Shrewd Move

15 June 2005



Schwarzenegger Calls Special Election for Reform

California Governor Arnold Schwarzenegger, a Republican, announced on Monday that he was appealing over the heads of the legislature and taking his reform package directly to the people of the state. He wants to put a spending cap in place, which would undo minimum funding levels for schools that a 2000 referendum enacted, to have retired judges and not legislators draw electoral boundaries and extend the time teachers need to put in before winning tenure from 2 to 5 years. Even if he loses, it is a stroke of political genius.

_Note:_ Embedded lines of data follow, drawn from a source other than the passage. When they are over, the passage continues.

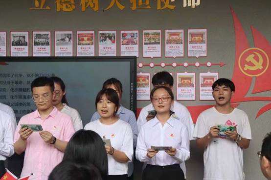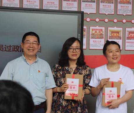 两位教师党员的政治生日正好在五月,借此机会,教师第一党支部为两位党员庆祝了政治生日。在全体与会人员的见证下,支部书记何武同志代表支部为两位教师党员送上了纪念贺卡。为了增强仪式的荣誉感,支部党员、学院院长文旭同志带领全体与会党员重温了入党誓词。在嘹亮的誓词声中,本次主题党日活动圆满结束。
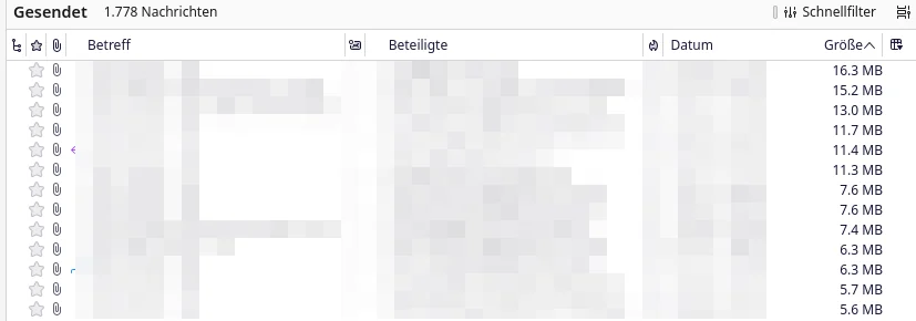 Der Ordner „Gesendet“ hat fast ausschließlich E-Mails mit Anhängen, die eine Kopie der Datei enthält die schon auf dem Computer vorhanden ist, beispielsweise eine Rechnung. Also auch hier können die Anhänge alle entfernt werden, denn die Text-Information als E-Mail bleibt erhalten und damit auch der Nachweis des Versands.
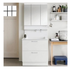 節水 : 水道代を抑えたい方に お手入れ簡単: 汚れにくい素材や、排水口のお掃除が簡単な設計 収納力 : 化粧品やタオルの量に合わせて、ミラー裏収納やキャビネットを
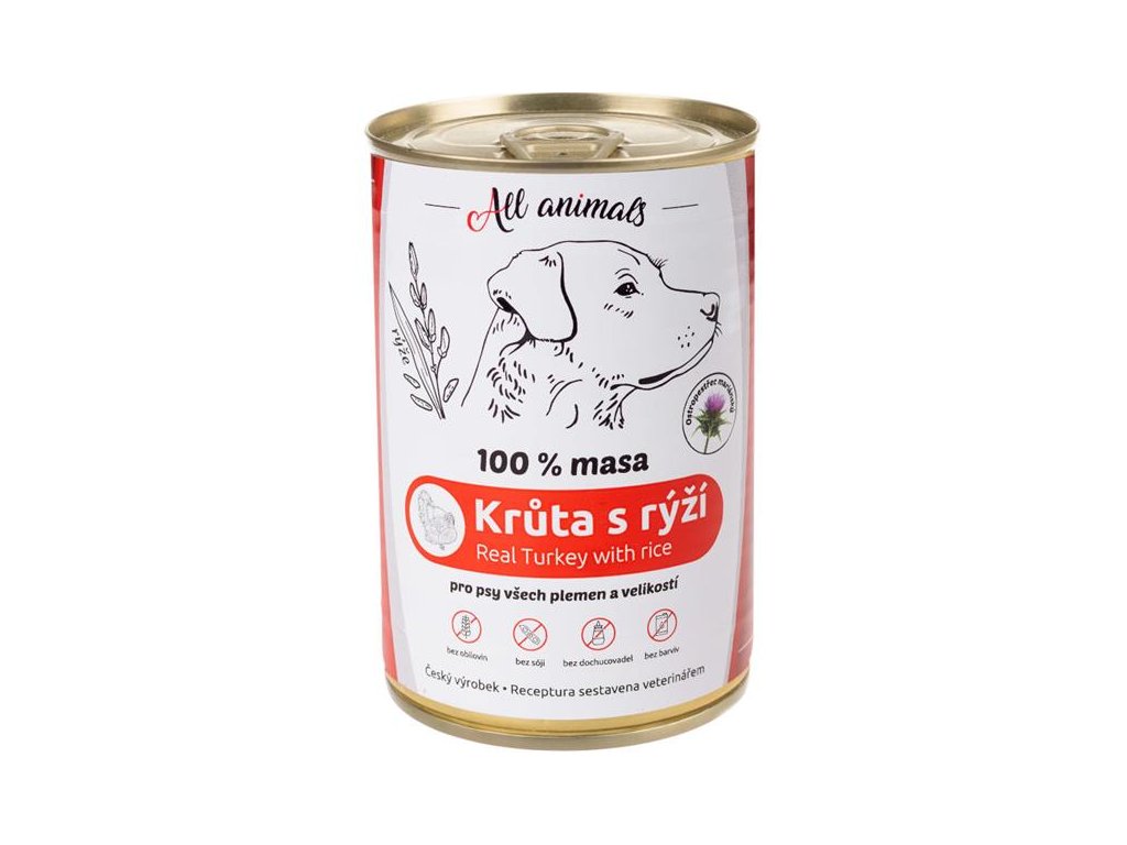 TOATE ANIMALELE conc. pentru caini curcan macinat cu orez 400g

In general, the Republican Party understands far better than the Democrats the value of losing on contentious issues in the run up to an election. Core and swing voters are both more likely to turn up and vote if the great issues of the day have not been settled. Far more energizing is a close vote on a divisive matter that results in no real solution. For that reason, the GOP is pushing judicial appointments and the Ten Commandments – if they win, great, and if they lose, they can raise money and march the voters to the polling stations because their values are under threat. The Democrats only caught onto this in 2004, and they have much ground to cover before they catch up to the GOP.

In California, the situation is ever better suited to the governor’s goals. First, he can get his core to circulate petitions and get a referendum scheduled. Second, he can decide exactly how to frame the question, which means framing the debate. Third, he gets to spend months slamming the Democratic-controlled legislature for its unwillingness to act (although, it may be quite diligent on other matters).

Where matters get dicey for Mr. Schwarzenegger is in overturning previous referenda. Telling the people that the legislature is not doing its job is one thing. Telling the voters they got it wrong earlier is a different kind of sale. The school minimum spending idea was meant to fix the state’s education system. Now that the money is getting tight, he must return to the people with “Yes, but . . .” Or as he put it, “How can we just stand around while our debt grows by billions and billions of dollars?” Despite having lived in America for so long and being a citizen for years, he still has the rather un-American idea that the debt has to be addressed by this generation. How quaint.

California’s Senate President Pro Tem Don Perata said in response to the announcement of the special election, “This special election is not about the legislature. It's about the governor wanting to star in another war movie. Only this is a war he alone has started." One bets it’s a war he wins, either way the election turns out.